WHAT IS REQUIRED: Repeat every line of the data exactly; the pictures stay out.

DATA SECTION:
============================================================

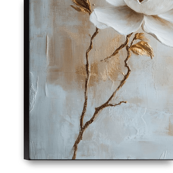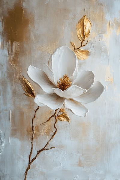 A painting of a white flower on a gold background.
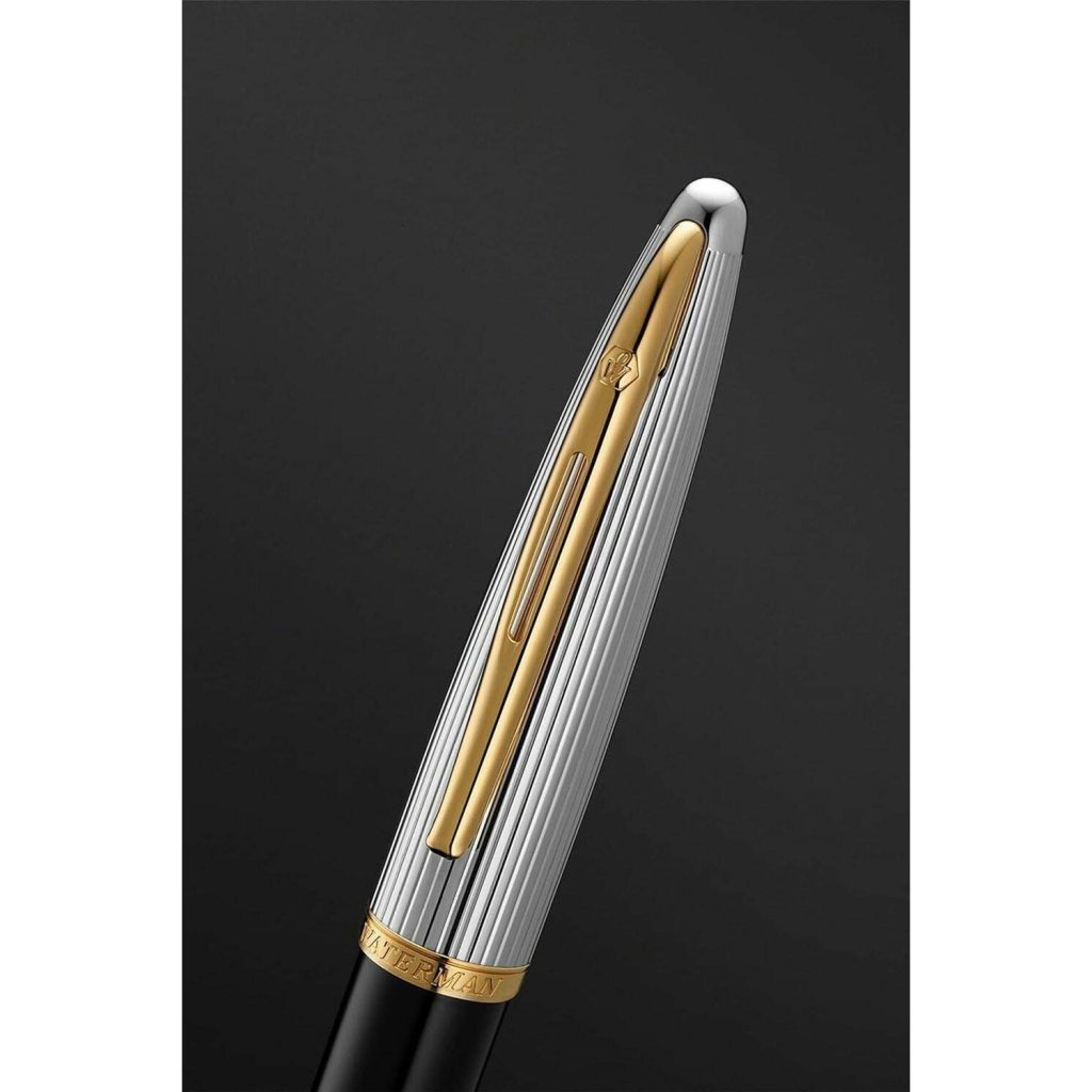 Pha trộn giữa sơn mài đen đậm là phần nắp bút mạ bạc được chạm khắc tinh xảo như một viên ngọc quý và các đường viền màu vàng để quyến rũ bạn với phong cách sang trọng và rực rỡ. Đây là một nét thiết kế độc đáo của Waterman Carene. Sự chú ý đến từng chi tiết của Carene được thể hiện qua việc sử dụng thiết kế độc đáo trên thân bút, kỹ thuật cham khắc tinh xảo đi cùng với vật liệu quý như vàng và sơn mài sẽ nâng tầm phong cách cá nhân của bạn.
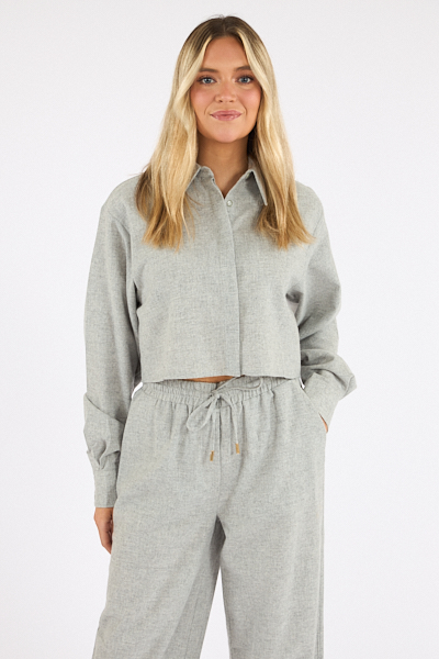 The Izzy Short Blouse is a cropped, tailored silhouette that adds a modern edge to classic office style.
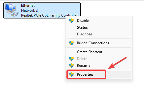 - Right-click your active network connection and select Properties.
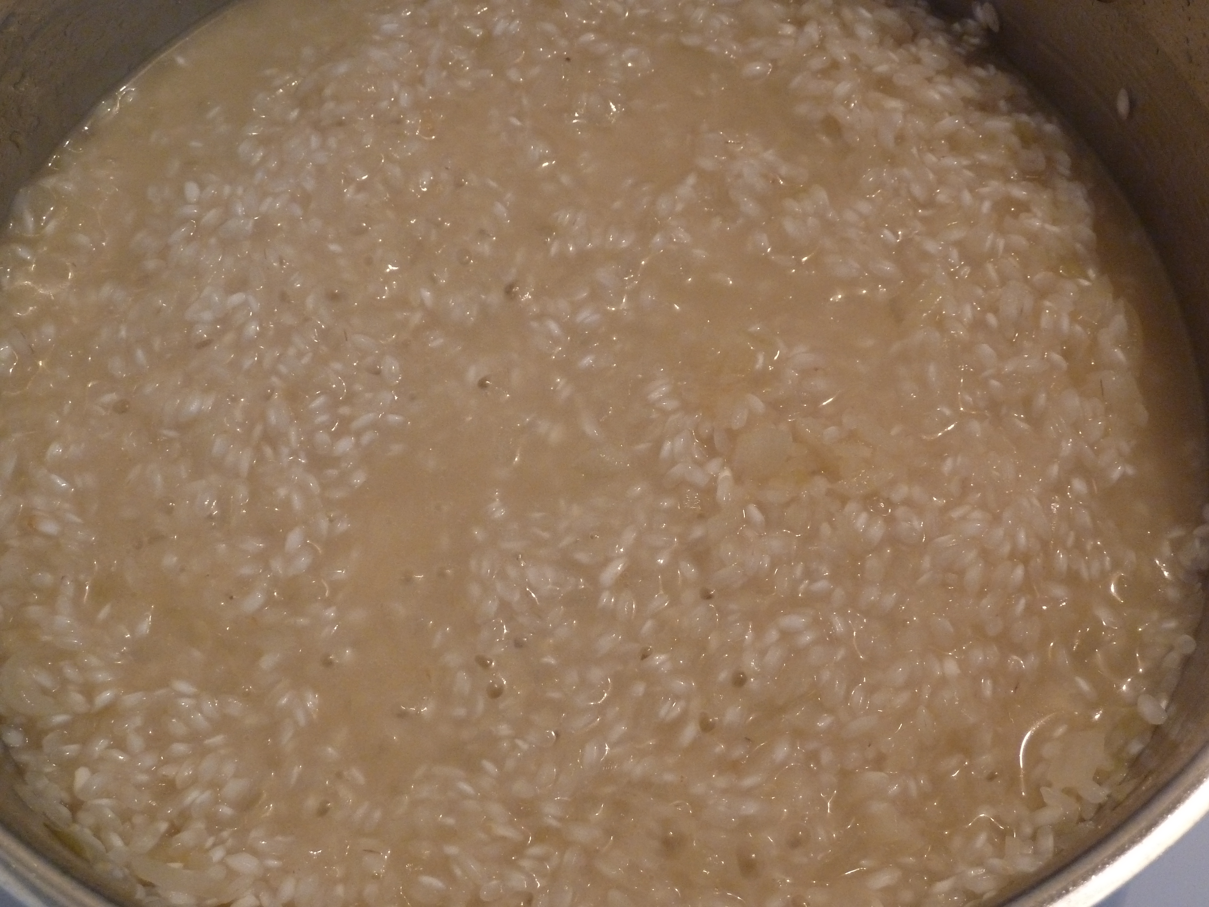 9) Add 1/2 cup white wine, stirring steadily until the wine is absorbed in the rice.

============================================================

RESULT OF THIS TASK:
 A painting of a white flower on a gold background.
 Pha trộn giữa sơn mài đen đậm là phần nắp bút mạ bạc được chạm khắc tinh xảo như một viên ngọc quý và các đường viền màu vàng để quyến rũ bạn với phong cách sang trọng và rực rỡ. Đây là một nét thiết kế độc đáo của Waterman Carene. Sự chú ý đến từng chi tiết của Carene được thể hiện qua việc sử dụng thiết kế độc đáo trên thân bút, kỹ thuật cham khắc tinh xảo đi cùng với vật liệu quý như vàng và sơn mài sẽ nâng tầm phong cách cá nhân của bạn.
 The Izzy Short Blouse is a cropped, tailored silhouette that adds a modern edge to classic office style.
 - Right-click your active network connection and select Properties.
 9) Add 1/2 cup white wine, stirring steadily until the wine is absorbed in the rice.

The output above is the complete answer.